**Dataset section:**
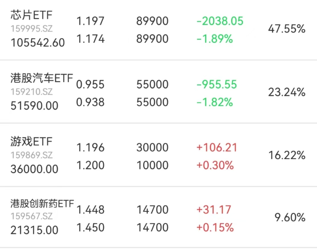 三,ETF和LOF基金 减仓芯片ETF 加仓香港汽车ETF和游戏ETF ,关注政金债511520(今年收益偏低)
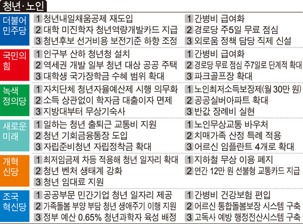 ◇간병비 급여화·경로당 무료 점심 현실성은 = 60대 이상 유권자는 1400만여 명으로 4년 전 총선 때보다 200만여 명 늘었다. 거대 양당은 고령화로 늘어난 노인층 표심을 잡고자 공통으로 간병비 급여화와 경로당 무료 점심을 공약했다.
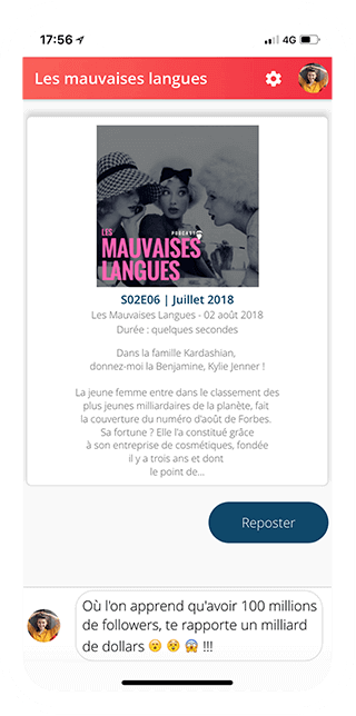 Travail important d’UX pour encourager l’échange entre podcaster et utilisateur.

**Work to complete:** Please write out all of the data verbatim, with no pictures in the copy.

**Answer space:**
 三,ETF和LOF基金 减仓芯片ETF 加仓香港汽车ETF和游戏ETF ,关注政金债511520(今年收益偏低)
 ◇간병비 급여화·경로당 무료 점심 현실성은 = 60대 이상 유권자는 1400만여 명으로 4년 전 총선 때보다 200만여 명 늘었다. 거대 양당은 고령화로 늘어난 노인층 표심을 잡고자 공통으로 간병비 급여화와 경로당 무료 점심을 공약했다.
 Travail important d’UX pour encourager l’échange entre podcaster et utilisateur.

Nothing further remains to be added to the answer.